> **Brief**
Please reproduce the data exactly and omit the pictures.

> **Given records**
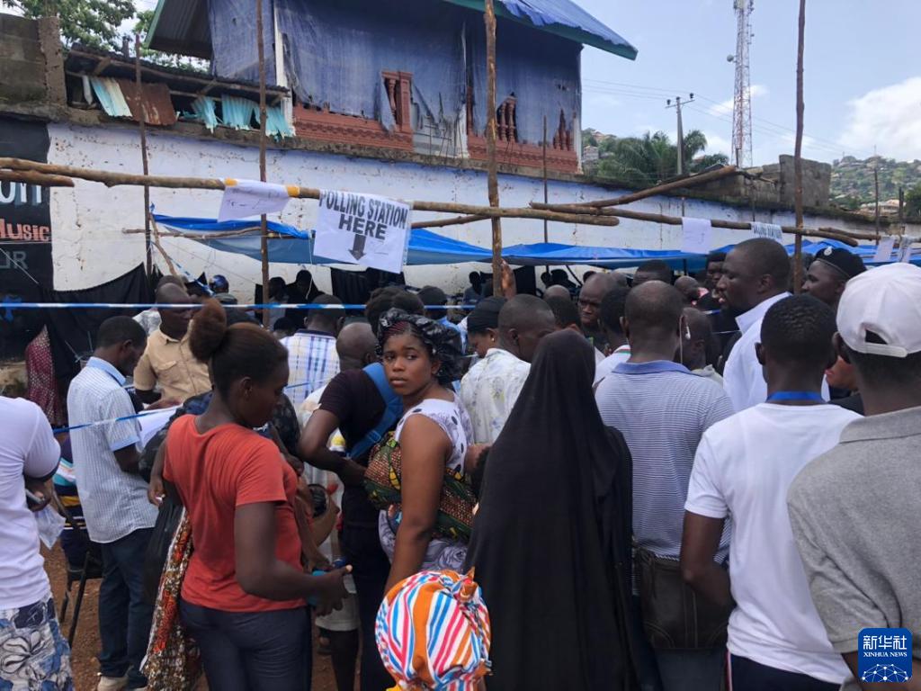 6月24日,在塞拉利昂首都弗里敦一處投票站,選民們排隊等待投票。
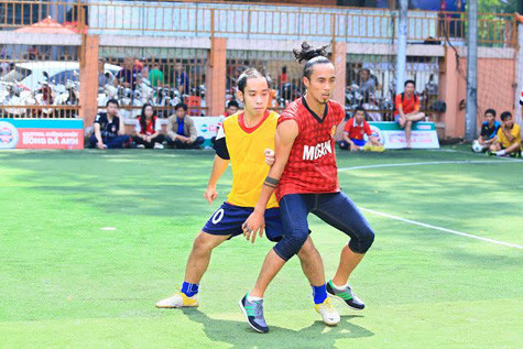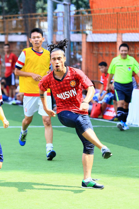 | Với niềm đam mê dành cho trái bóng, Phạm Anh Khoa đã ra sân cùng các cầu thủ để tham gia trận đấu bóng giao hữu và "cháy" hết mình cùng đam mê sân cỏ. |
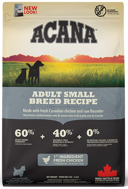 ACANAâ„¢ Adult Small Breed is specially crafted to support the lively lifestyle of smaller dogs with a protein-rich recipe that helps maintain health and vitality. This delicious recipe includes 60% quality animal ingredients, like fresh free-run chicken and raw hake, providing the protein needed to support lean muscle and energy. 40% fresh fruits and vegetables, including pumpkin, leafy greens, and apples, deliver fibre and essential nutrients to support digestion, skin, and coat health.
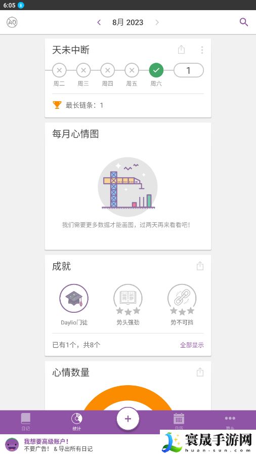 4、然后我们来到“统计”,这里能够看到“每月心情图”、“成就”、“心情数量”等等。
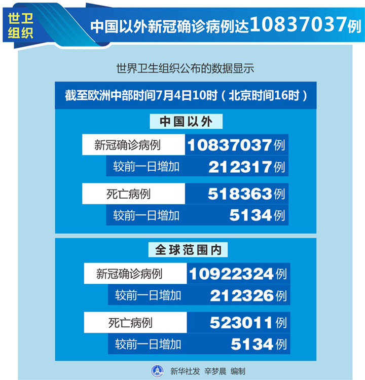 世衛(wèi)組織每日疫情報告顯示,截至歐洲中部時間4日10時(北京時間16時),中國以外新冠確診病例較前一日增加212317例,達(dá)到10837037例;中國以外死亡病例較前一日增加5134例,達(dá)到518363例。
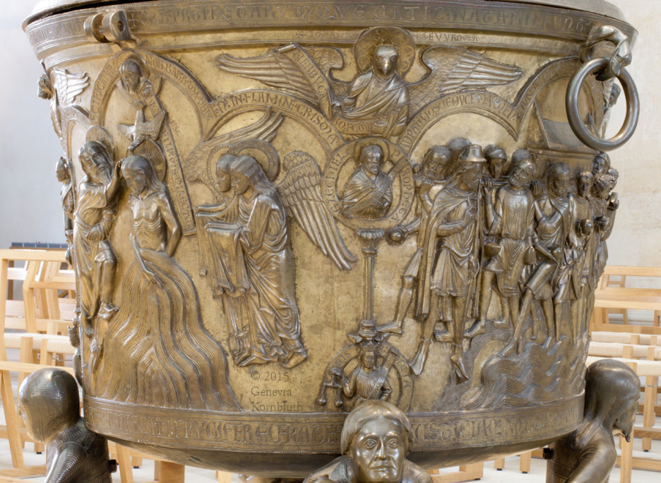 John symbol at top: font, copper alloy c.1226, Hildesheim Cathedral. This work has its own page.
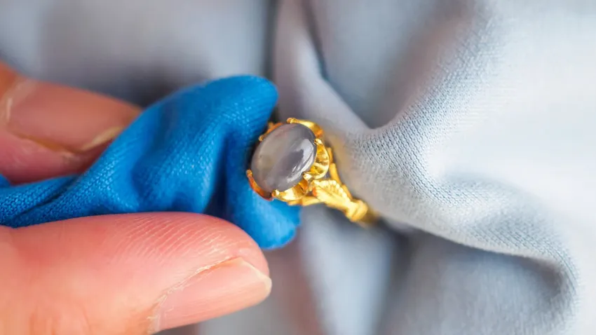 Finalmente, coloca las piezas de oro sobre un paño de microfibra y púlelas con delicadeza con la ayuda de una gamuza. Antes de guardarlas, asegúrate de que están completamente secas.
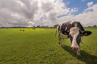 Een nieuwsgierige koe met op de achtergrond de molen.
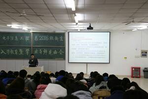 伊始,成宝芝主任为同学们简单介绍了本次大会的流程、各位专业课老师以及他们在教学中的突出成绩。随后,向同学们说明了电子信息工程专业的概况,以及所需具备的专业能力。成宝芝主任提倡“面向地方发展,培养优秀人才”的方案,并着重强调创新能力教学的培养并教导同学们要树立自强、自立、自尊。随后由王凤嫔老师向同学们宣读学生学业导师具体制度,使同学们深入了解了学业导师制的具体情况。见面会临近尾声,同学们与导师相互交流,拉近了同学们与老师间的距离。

> **Response area**
 6月24日,在塞拉利昂首都弗里敦一處投票站,選民們排隊等待投票。
 | Với niềm đam mê dành cho trái bóng, Phạm Anh Khoa đã ra sân cùng các cầu thủ để tham gia trận đấu bóng giao hữu và "cháy" hết mình cùng đam mê sân cỏ. |
 ACANAâ„¢ Adult Small Breed is specially crafted to support the lively lifestyle of smaller dogs with a protein-rich recipe that helps maintain health and vitality. This delicious recipe includes 60% quality animal ingredients, like fresh free-run chicken and raw hake, providing the protein needed to support lean muscle and energy. 40% fresh fruits and vegetables, including pumpkin, leafy greens, and apples, deliver fibre and essential nutrients to support digestion, skin, and coat health.
 4、然后我们来到“统计”,这里能够看到“每月心情图”、“成就”、“心情数量”等等。
 世衛(wèi)組織每日疫情報告顯示,截至歐洲中部時間4日10時(北京時間16時),中國以外新冠確診病例較前一日增加212317例,達(dá)到10837037例;中國以外死亡病例較前一日增加5134例,達(dá)到518363例。
 John symbol at top: font, copper alloy c.1226, Hildesheim Cathedral. This work has its own page.
 Finalmente, coloca las piezas de oro sobre un paño de microfibra y púlelas con delicadeza con la ayuda de una gamuza. Antes de guardarlas, asegúrate de que están completamente secas.
 Een nieuwsgierige koe met op de achtergrond de molen.
 伊始,成宝芝主任为同学们简单介绍了本次大会的流程、各位专业课老师以及他们在教学中的突出成绩。随后,向同学们说明了电子信息工程专业的概况,以及所需具备的专业能力。成宝芝主任提倡“面向地方发展,培养优秀人才”的方案,并着重强调创新能力教学的培养并教导同学们要树立自强、自立、自尊。随后由王凤嫔老师向同学们宣读学生学业导师具体制度,使同学们深入了解了学业导师制的具体情况。见面会临近尾声,同学们与导师相互交流,拉近了同学们与老师间的距离。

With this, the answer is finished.